On 3 February 2015, the European Securities and Markets Authority (ESMA) published its final report outlining its technical advice on the implementation of the Market Abuse Regulation (MAR). Click here to view the report.

The Commission had mandated ESMA to assist it on producing content for the delegated acts required by certain provisions of MAR. ESMA's final report follows its consultation paper on its draft technical advice published on 15 July 2014.

In general, the report:

  • specifies the indicators of market manipulation and examples of manipulative practices
  • recommends minimum thresholds for the purpose of the exemption for certain participants in the emission allowance market from the requirement to publicly disclose inside information
  • suggests how competent authorities should determine how and when public disclosures of inside information can be delayed and to which regulators those delays must be notified
  • clarifies which managers' transactions should be disclosed, and
  • proposes the procedures and arrangements regarding the reporting of infringements of the MAR regime.

A look at managers' transactions

One of the key areas affecting listed companies is the new regime on notifying and disclosing managers' transactions. The final report clarifies the types of managers' transactions that must be notified and disclosed and the triggers for those disclosures. The obligation to notify and disclose managers' transactions was included in the old regime under the Market Abuse Directive, but the scope has been modified by MAR.

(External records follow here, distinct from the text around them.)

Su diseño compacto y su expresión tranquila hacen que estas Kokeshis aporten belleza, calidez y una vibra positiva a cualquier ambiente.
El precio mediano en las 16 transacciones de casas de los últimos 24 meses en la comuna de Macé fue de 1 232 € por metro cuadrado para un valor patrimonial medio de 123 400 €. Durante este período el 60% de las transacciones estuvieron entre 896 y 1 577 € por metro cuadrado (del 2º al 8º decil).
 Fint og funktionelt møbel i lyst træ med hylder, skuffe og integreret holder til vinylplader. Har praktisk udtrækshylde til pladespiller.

What is the general requirement under MAR?

Pursuant to MAR, persons discharging managerial responsibilities (PDMRs) and persons closely associated with them should notify the issuer and competent authority of every transaction conducted on their own account relating to the shares or debt instruments of that issuer. The issuer is responsible for ensuring that the information is made public, unless national law provides that the competent authority must publicise the information.

Once the transactions executed by a PDMR or a closely associated person within a calendar year cumulatively amount to €5,000 (or €20,000 if a competent authority has decided to increase this threshold in accordance with MAR), every subsequent transaction should be notified regardless of its amount.

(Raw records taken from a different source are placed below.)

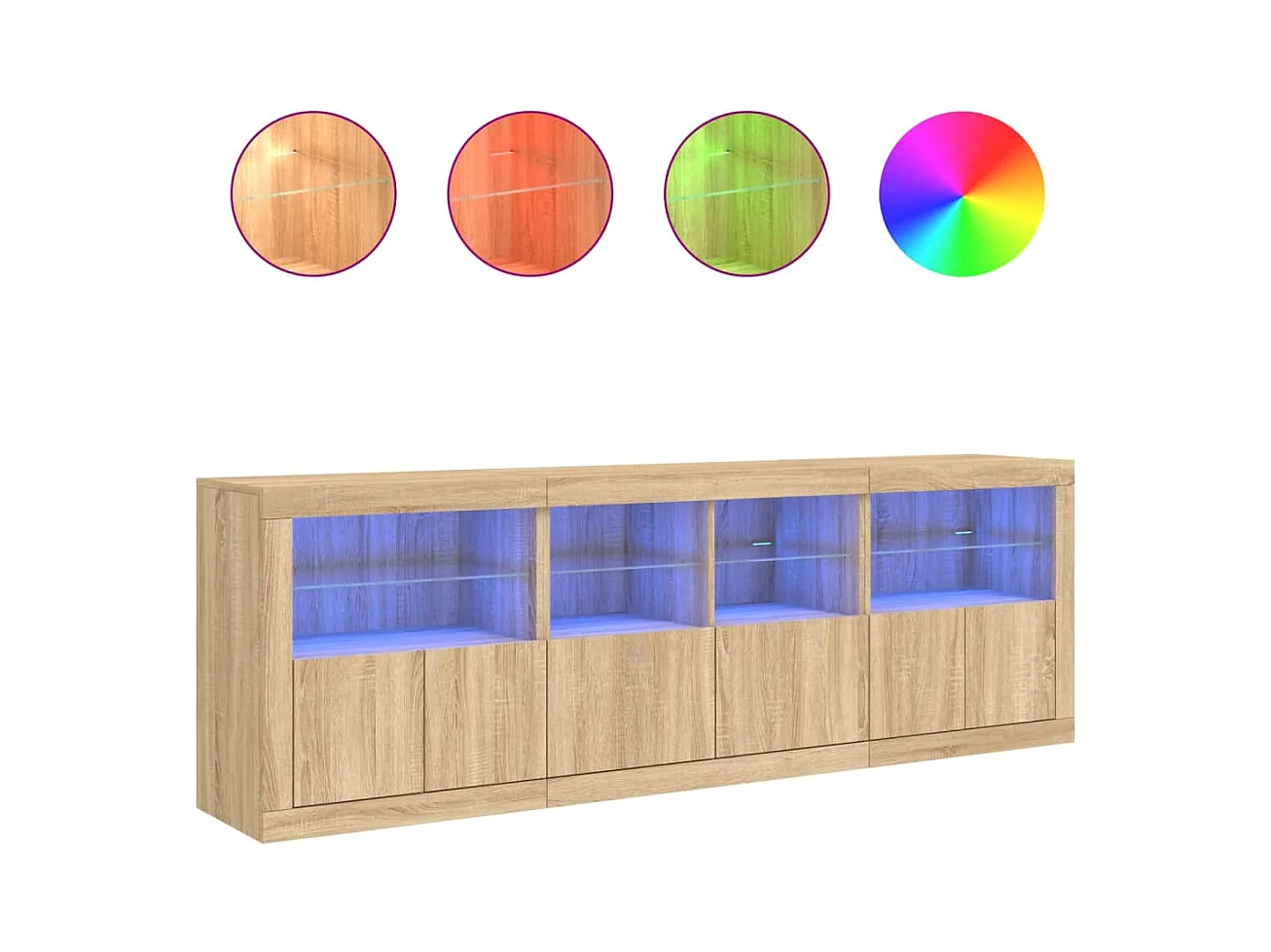 Buffet avec lumières LED chêne sonoma 202x37x67
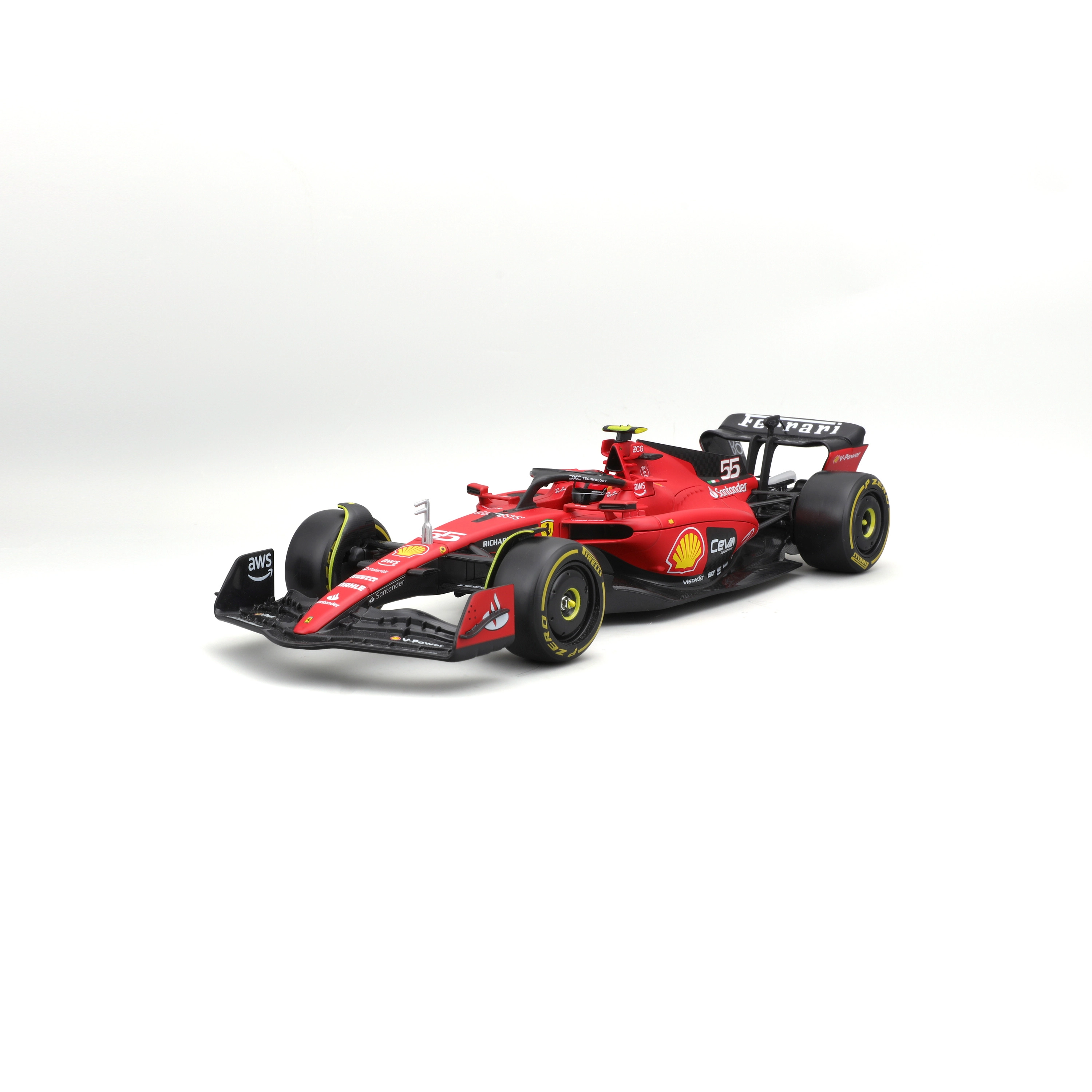 Precisie-aerodynamische elementen, halo, vleugels en realistische slickbanden met gedetailleerde bedrukking komen overeen met de echte FERRARI SF23.
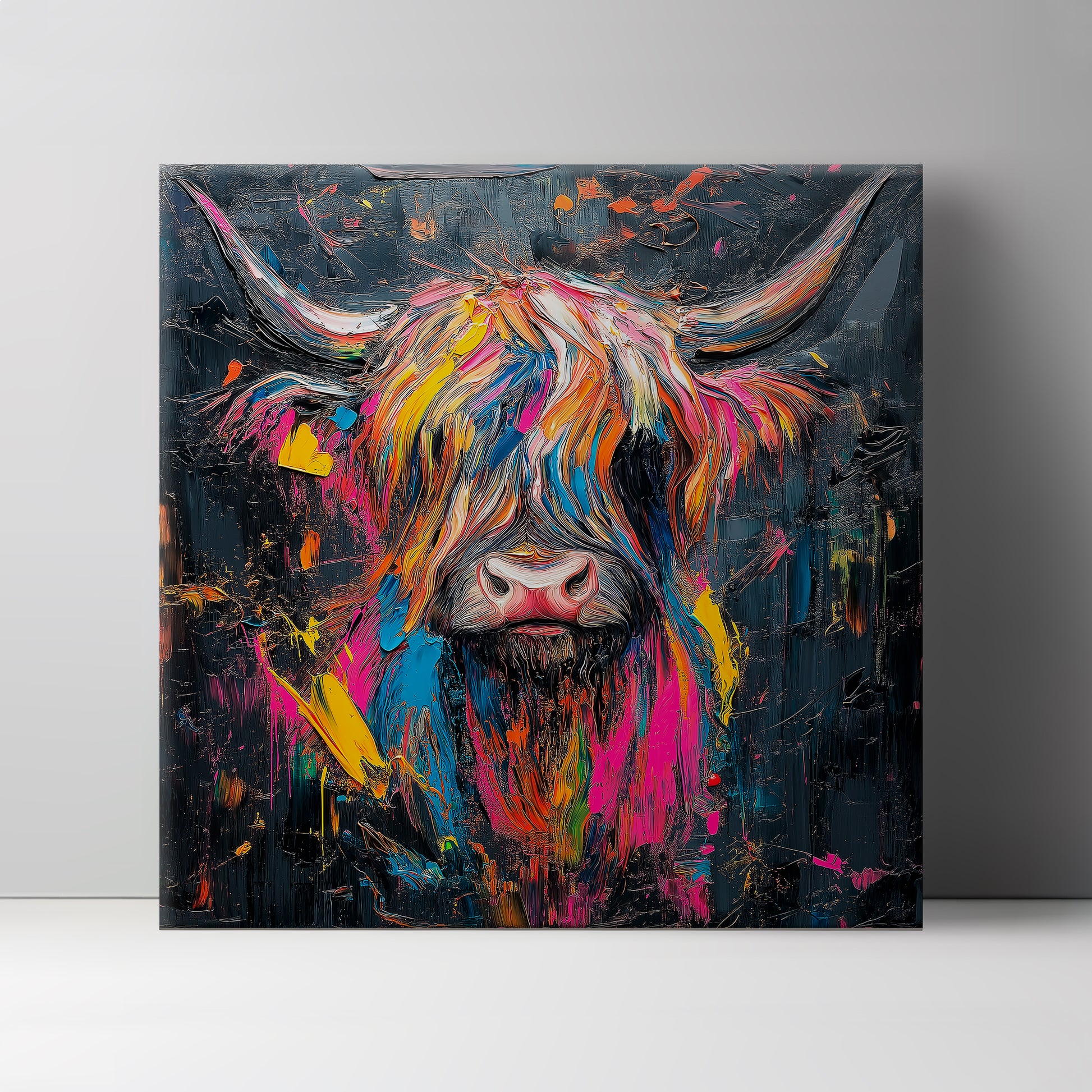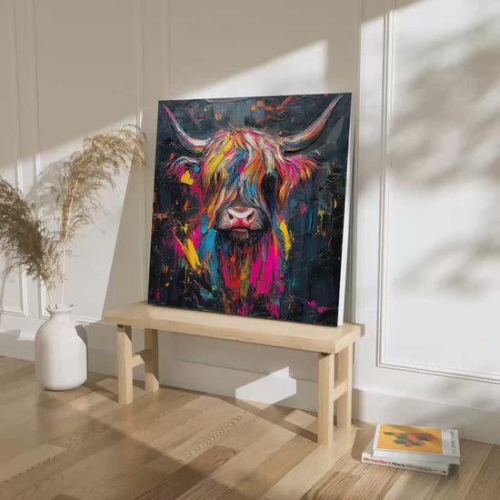 This piece brings to life the timeless grace of the Highland cow, with a touch of my own colourful personality thrown in for good measure - making it the perfect focal point for any room.

We set out below some key points to note regarding managers' transactions in ESMA's final report:

Trading during a closed period

MAR includes restrictions on dealings by PDMRs during closed periods (similar to the current rules in the Listing Rule's Model Code) and notification obligations relating to PDMR dealings (similar to the current requirements in DTR 3). In its final report, ESMA provides technical advice on the types of transactions triggering the notification and disclosure duties and whether any transactions during a closed period are permitted.

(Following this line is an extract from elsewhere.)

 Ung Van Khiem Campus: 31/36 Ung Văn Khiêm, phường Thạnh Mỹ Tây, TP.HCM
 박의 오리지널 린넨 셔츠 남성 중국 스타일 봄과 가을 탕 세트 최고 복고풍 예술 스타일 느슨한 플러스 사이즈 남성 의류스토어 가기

MAR provides that a closed period lasts for 30 days before an annual or interim report is to be disclosed by the issuer "according to the rules of the trading venue where the issuer's shares are admitted to trading or according to national law". However, respondents to ESMA's July 2014 consultation noted that it is market practice in the UK for issuers to publish a preliminary announcement of annual results (containing information prescribed by the FCA's Listing Rules) before publishing the year-end report. In some cases, where the preliminary announcement contains inside information, the issuer is obliged to make the preliminary announcement before the year-end report is published (as there may not be sufficient time to prepare the year-end report for publication). Pursuant to the Model Code, the preliminary announcement triggers the end of the closed period as once the inside information has been published, there is no need to need to prohibit dealings. However, despite acknowledging in its final report that such a practice is also common in other markets, ESMA has clarified that preliminary announcements will not end a closed period (unless the Listing Rules are amended to require issuers to make preliminary announcements – at present, listed issuers may make them voluntarily). It will be interesting to see how the FCA approaches this issue when implementing the new MAR regime.

Excluded transactions under Model Code – now within scope

There are certain transactions which are currently excluded from the scope of the Model Code but which will be caught by the new restrictions under MAR. Respondents to the consultation had pushed for the excluded transactions under MAR to be based on those transactions excluded in the UK's Model Code but this has not been reflected in the final report. Transactions which are not excluded under the MAR regime include the taking up of entitlements under a rights issue, the undertaking to accept, or the acceptance of, a takeover offer, or the receipt of a gift or donation.

Next steps

ESMA has sent its technical advice to the European Commission for consideration. ESMA’s regulatory technical standards regarding MAR are expected to be delivered in July 2015.

The delegated acts should be adopted by the Commission so that they enter into force by July 2016, the same date by which MAR must be implemented in member states (although this is subject to the rights of the European Parliament and Council to object and propose revisions to a delegated act).